5. the outcome of Ludwig and Mundil (2002)’s TuffZirc algorithm;
6. the weighted mean of the youngest three (Y3Z) or four (Y4Z) zircons;
7. the weighted mean of the grains in the youngest peak of a probability density plot (τ); and
8. the minimum age of grains selected by Gehrels (2003)’s AgePick algorithm.

Additionally, they also introduced a new estimator:

1. the ‘Youngest Statistical Population’ (YSP), which groups the youngest sub-sample of more than two grains that pass a Chi-square test for homogeneity.

Using numerical simulations and synthetic age distributions, Coutts et al. (2019) found that all but three of these methods gradually drift to younger ages with increasing sample size. The only exceptions were the YPP, τ and YSP methods, which converged to ages that were systematically too old. The failure of YPP and τ to retrieve the correct depositional age reflects the underlying flaws of the probability density plots (PDPs) on which they are based. The shortcomings of PDPs are explained in detail by Vermeesch (2012) and Vermeesch (2018a) and won’t be discussed further in this paper. The positive bias of the YSP method will be briefly discussed in Section 7. The remainder of the paper will focus on the undesirable drift of the remaining six MDA estimation algorithms towards geologically unreasonable young values.

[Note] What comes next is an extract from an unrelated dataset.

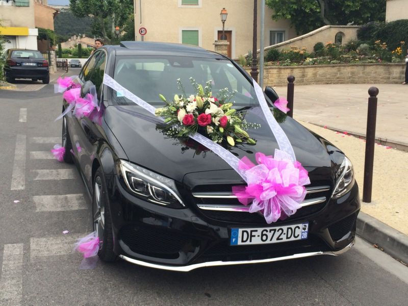 -décoration incluse sauf le bouquet sur le capot qui reste à la charge des mariées, car à la fin de notre prestation cela vous permet de le récupérer et de le positionner sur votre table d'honneur.

Section 2 will prove that it is theoretically impossible for the YSG, YGC1σ/2σ, YDZ and Y3Z/Y4Z methods to converge to the correct solution even in a best case scenario. Section 3 shows that the ‘minimum age model’ of Galbraith and Laslett (1993) does not suffer from this problem. This maximum likelihood based method was developed for detrital fission track thermochronology but can be equally useful for zircon U–Pb studies in a modified form developed by Galbraith (2005, p.107). We will refer to the minimum age model as the ‘maximum likelihood age’ (MLA) method to avoid confusion with minimum depositional age estimation, which is an entirely different subject.

Section 4 applies the MLA algorithm to a detrital zircon U–Pb dataset from the Colorado Plateau Coring Project. This case study validates the different MDA methods by comparing measurements obtained by Laser Ablation Inductively Coupled Plasma Mass Spectrometry (LA-ICPMS) with measurements obtained on the same samples by Chemical Abrasion Thermal Ionisation Mass Spectrometry (CA-TIMS). The new MLA algorithm is the only method that passes this stringent test.

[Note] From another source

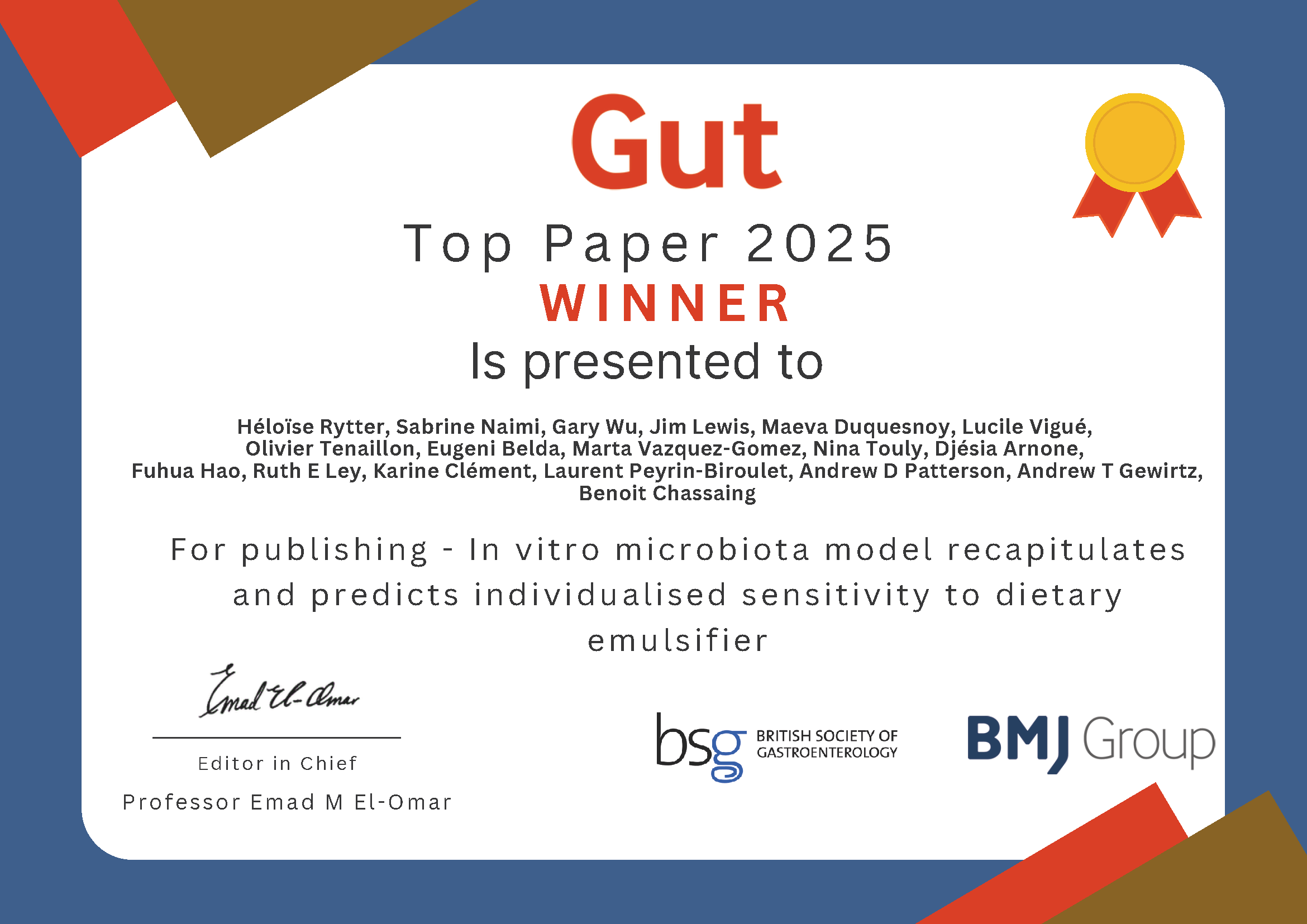 Le 25 décembre dernier, le Professeur Emad El-Omar, éditeur en chef de la revue GUT, aux côté du comité éditorial, a désigné l’article In vitro microbiota model recapitulates and predicts individualised sensitivity to dietary emulsifier en tant que « GUT Top Paper 2025 ».

Despite the advantages of the MLA method over all existing MDA estimation algorithms, it is not a silver bullet for samples that have a fat tail at the young end of the age spectrum, or that have been affected by post-depositional Pb-loss. Section 6 discusses these limitations and provides suggestions to mitigate their effects.

2 On the failure of existing MDA algorithms to converge

The YSG, YGC1σ/2σ, YDZ and Y3Z/Y4Z methods essentially amount to averaging the n youngest grains obtained by some selection criterion. The selection criterion can be simple (e.g., YSG) or complex (YDZ). But all these algorithms boil down to analysing the young tails of detrital age spectra. This is a difficult thing to do with ad hoc methods.

Detrital age spectra are the convolution of two probability distributions: (1) the distribution of the true (but unknown) zircon U–Pb ages; and (2) the distribution of their analytical errors. Analytical uncertainty obscures the true ages and must be accounted for during MDA estimation. Geochronologists generally make the reasonable assumption that the analytical errors follow a normal distribution with mean μ = 0 and standard deviation σ. Under this condition it is well known that the actual U–Pb age is approximately 95% likely to fall in a ±2σ interval around the measured value. However this is only true when considering a single analysis.

When multiple measurements are considered together, then the likelihood that the measured value is more than ±2σ away from the true value increases. In statistics this is known as a ‘Type-1 error’. As the number of analyses increases, so does the probability that at least one value falls outside the ±2σ interval. Given a sufficiently large sample size, there inevitably comes a point when the data contain values that differ from the true value by 3σ or more. This is true for both tails of the normal distribution. In the context of MDA estimation, it means that the youngest date in a huge sample may be less than the actual depositional age.

To further explore this important point, let us consider the simplest case of an MDA estimation exercise. Suppose that 100% of the grains in a sample are concordant and syn-depositional at 10 Ma, with normally distributed uncertainties of 1 Ma at 1σ. The solution to this toy example is trivial. The depositional age is simply given by the mean of all the dates. Yet six of the nine MDA estimation algorithms reviewed by Coutts et al. (2019) fail to retrieve it (YPP, τ and YSP don’t, but will fail in nearly all non-trivial examples).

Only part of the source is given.